Minds
- Company type: Private
- Website type: Social network
- Headquarters: Glastonbury, Connecticut, US
- Key people: Bill Ottman, founder and CEO; John Ottman, co-founder and chairman; Mark Harding, co-founder and CTO; Ian Crossland, co-founder;
- Industry: Internet
- Website: minds.com
- Registration: Required to post, follow, or be followed; anonymous registration allowed
- Launched: June 2015
- Written in: PHP, TypeScript (Angular)

= Minds (social network) =

Open-source social networking service

Minds is an open-source and distributed social network. Users can earn cryptocurrency for using Minds, and tokens can be used to boost their posts or crowdfund other users. Minds has been described as more privacy-focused than mainstream social media networks.

Writers in The New York Times, Engadget, and Vice have noted the volume of far-right users and content on the platform, following a trend across social media. Minds describes itself as focused on free speech, and minimally moderates the content on its platform. Its founders have said that they do not remove extremist content from the site out of a desire to deradicalize those who post it through civil discourse.

== History ==
Minds was co-founded in 2011 by Bill Ottman and John Ottman as an alternative to social networks such as Facebook, which the founders believed abused their users via "spying, data mining, algorithm manipulation, and no revenue sharing". Other cofounders were Mark Harding, Ian Crossland, and Jack Ottman. Minds launched to the public in June 2015.

A Facebook page affiliated with the hacktivist group Anonymous encouraged its followers to support Minds in 2015, and called for developers to contribute to the service's open source codebase.

In 2018, over 150,000 Vietnamese users joined Minds after fearing that Facebook would comply with a new law requiring them to remove political dissent and release user data to the Vietnamese government. Beginning in May 2020, over 250,000 Thai users joined Minds after growing concerns about privacy on Twitter, which had been widely used for political activism. This led Minds to add Thai language support to its mobile apps, and upgrade its servers to handle the influx of traffic.

In October 2019, United States President Donald Trump invited Minds to a social media summit hosted at the White House.
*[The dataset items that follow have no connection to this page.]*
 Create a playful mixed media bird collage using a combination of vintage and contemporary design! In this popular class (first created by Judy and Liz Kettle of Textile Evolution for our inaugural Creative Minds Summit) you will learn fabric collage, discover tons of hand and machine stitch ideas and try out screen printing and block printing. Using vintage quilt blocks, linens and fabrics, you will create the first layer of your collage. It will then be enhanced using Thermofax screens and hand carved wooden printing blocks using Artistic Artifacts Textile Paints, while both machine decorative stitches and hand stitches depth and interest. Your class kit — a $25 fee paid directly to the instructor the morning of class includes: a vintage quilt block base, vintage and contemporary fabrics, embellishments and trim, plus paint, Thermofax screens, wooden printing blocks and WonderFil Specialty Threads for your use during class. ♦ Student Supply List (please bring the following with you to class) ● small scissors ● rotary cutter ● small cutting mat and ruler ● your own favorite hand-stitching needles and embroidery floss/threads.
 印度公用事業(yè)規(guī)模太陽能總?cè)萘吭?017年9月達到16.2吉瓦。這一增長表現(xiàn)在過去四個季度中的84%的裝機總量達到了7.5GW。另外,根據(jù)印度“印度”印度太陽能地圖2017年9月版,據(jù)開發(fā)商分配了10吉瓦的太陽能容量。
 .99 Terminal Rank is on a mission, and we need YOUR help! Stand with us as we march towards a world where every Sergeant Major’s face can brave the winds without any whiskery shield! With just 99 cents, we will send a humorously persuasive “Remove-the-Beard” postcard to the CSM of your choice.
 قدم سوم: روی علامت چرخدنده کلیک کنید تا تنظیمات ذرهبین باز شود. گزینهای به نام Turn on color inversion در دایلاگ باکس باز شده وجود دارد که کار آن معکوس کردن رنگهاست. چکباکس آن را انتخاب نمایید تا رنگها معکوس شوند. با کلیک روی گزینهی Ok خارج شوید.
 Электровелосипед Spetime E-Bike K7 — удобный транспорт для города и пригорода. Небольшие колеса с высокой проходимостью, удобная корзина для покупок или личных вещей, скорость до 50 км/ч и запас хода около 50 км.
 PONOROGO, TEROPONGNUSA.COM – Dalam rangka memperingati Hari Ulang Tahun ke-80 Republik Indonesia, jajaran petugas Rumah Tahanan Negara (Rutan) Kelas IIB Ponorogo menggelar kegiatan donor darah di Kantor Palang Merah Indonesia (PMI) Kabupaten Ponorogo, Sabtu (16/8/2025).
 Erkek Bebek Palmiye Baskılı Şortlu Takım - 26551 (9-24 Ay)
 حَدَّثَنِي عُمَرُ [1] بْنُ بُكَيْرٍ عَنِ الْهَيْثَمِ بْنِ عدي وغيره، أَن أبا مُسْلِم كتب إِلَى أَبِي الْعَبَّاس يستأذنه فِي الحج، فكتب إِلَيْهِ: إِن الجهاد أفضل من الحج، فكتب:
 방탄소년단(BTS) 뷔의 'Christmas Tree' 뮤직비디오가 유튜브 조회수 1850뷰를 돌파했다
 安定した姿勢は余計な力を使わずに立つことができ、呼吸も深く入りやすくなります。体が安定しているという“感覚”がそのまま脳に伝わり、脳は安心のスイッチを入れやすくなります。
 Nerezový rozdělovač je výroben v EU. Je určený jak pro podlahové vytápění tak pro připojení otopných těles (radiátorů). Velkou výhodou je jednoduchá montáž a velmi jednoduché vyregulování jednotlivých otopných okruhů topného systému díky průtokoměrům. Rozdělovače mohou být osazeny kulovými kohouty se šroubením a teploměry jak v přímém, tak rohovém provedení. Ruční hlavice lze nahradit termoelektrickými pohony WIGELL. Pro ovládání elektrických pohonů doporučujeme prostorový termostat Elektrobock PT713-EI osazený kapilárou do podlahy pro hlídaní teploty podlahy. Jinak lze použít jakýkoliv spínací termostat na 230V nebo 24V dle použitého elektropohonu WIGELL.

In January 2021, after YouTube and Facebook removed tens of thousands of Trump supporters and alleged white supremacists from their platforms in the wake of the 2021 United States Capitol attack earlier that month, Minds was among the alternative apps those users adopted.

In June 2020, Minds hosted "MINDS: Festival of Ideas" at the Beacon Theatre in New York City. Appearances included Tulsi Gabbard, Daryl Davis, Tim Pool, and Cornel West.

== Service ==

Minds is a website as well as a desktop and mobile app. The platform awards Ethereum ERC20 cryptocurrency tokens to its users based on their engagement with the site, and users spend tokens to promote their content or to crowdfund other users through monthly subscriptions. The tokens can also be bought and redeemed for standard currency. Minds offers a monthly premium subscription that gives users access to exclusive content, the ability to become verified, and the ability to remove boosted posts from their feed.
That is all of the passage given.